Sam grew up on Sydney’s Northern Beaches. Her parents owned a bakery at Newport and when not working in the shop this self-confessed tomboy was tearing around on a skateboard or catching the local waves on her surfboard.
Now, home and paralysed, the roar of the surf was a cruel soundtrack. Two-time surfing world champion Tom Carroll changed all that. He helped Sam to learn surfing again.
“I grew up with Sam in Newport,” says Tom. “She was tiny and feisty. When we got back in the surf together after her accident I saw the spark re-light. When you’ve been a surfer it doesn’t go away. Watching her pull it together brought a tear to my eye. How can it not? It’s human spirit.”
Within months Sam was on the Australian Adaptive Surfing Team and competing at the World Championships in San Diego, USA.
“As I rode my final wave to shore everyone on the beach was chanting: ‘Aussie! Aussie! Aussie! Oi! Oi! Oi!’ My team carried me out of the water on my board and held me aloft.”
Sam Bloom had won Gold.
“I spotted my three boys smiling from ear to ear. The look of joy and pride on their faces is an image I will cherish forever.”
Cam’s intimate and deeply personal images were loved on Instagram – Australia and the world fell in love with Penguin. A book followed, Penguin Bloom, which is an international best-seller, published in 13 languages.
Inevitably Hollywood came knocking. The motion picture produced by and starring Oscar-nominated actress Naomi Watts (as Sam), Andrew Lincoln (The Walking Dead) and two times Oscar nominee Jacki Weaver as Sam’s Mum, premiered at the prestigious Toronto International Film Festival in September 2020. The film was released in Australian cinemas on January 1, 2021.
And a sequel book Sam Bloom, Heartache & Birdsong, the story from Sam’s point of view has just been published.
Penguin grew up and moved out.

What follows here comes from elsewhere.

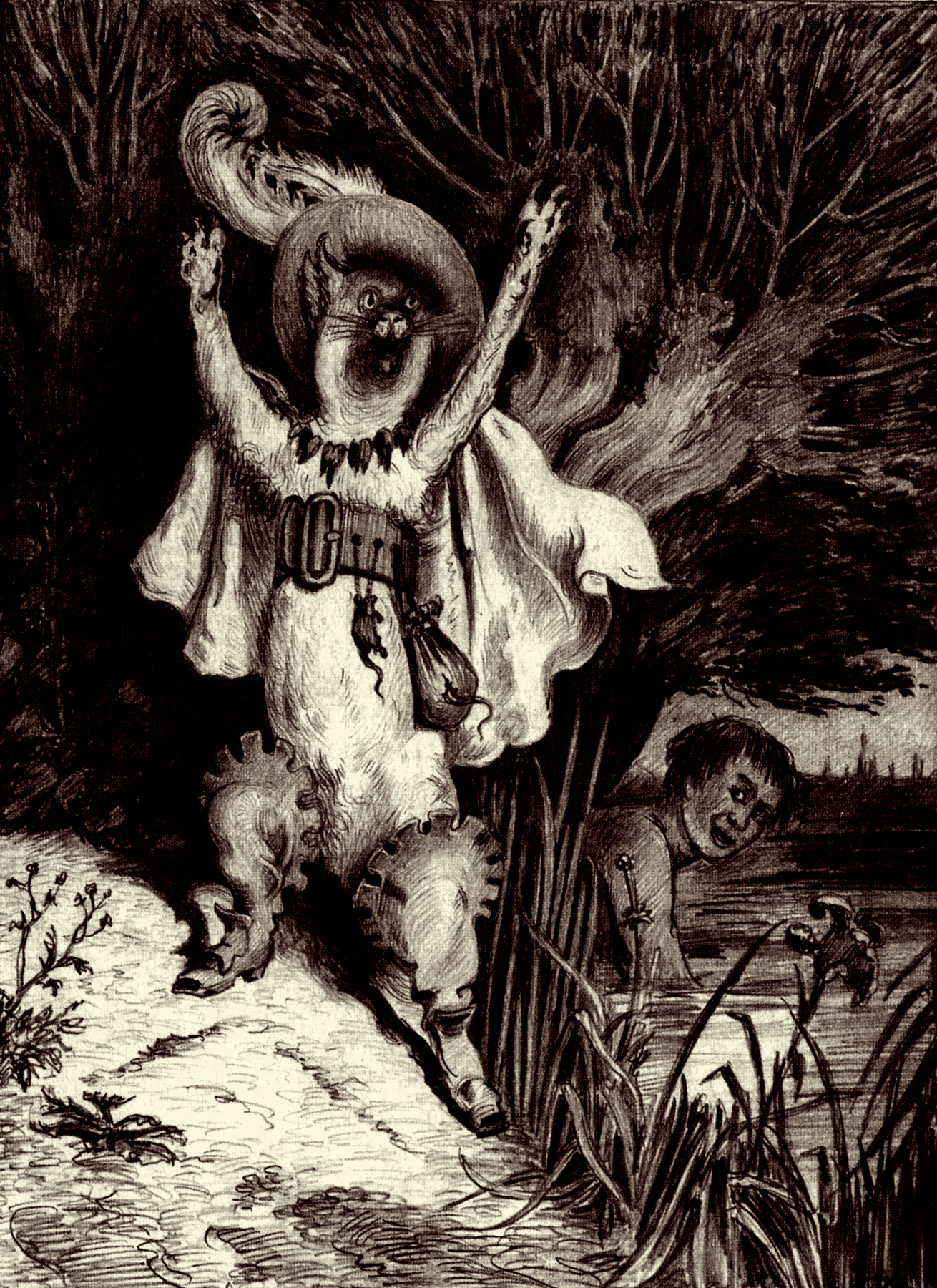 Эскиз к фильму «Новые похождения Кота в сапогах» (1957). Кот в сапогах. Бумага, карандаш графитный. Киноведческие записки. 2011/2012. № 99.

She returned occasionally over time, then less so. But, if there’s such a thing as “bird mail”, then the message definitely got around that the Bloom home – was the place to be!
Since Penguin there has been Puffin & Panda, Hollywood and now Frankie, the currawong, who’s pruning my locks (hopefully the greys!) as we talk about Sam walking again. Could it ever happen?
“I’m an Ambassador for SpinalCure Australia and we’re really excited about what’s happening at NeuRA (Neuroscience Research Australia).
“They’ve just launched a new Spinal Cord Injury Research Centre and have three amazing research projects happening, using electrical stimulation, virtual reality and other new treatments. I’d love to be part of the clinical trials, but we’ll see.”
I can hear the surf. We all can. And Sam wants me to take away one last message.
“Penguin opened my eyes and my heart. She helped me to be my best self, or at least my worst self far less often. I always tell people – don’t put your dreams on hold. Because you never know what’s around the corner.’
With her one eye Frankie, I swear, gives me a wink.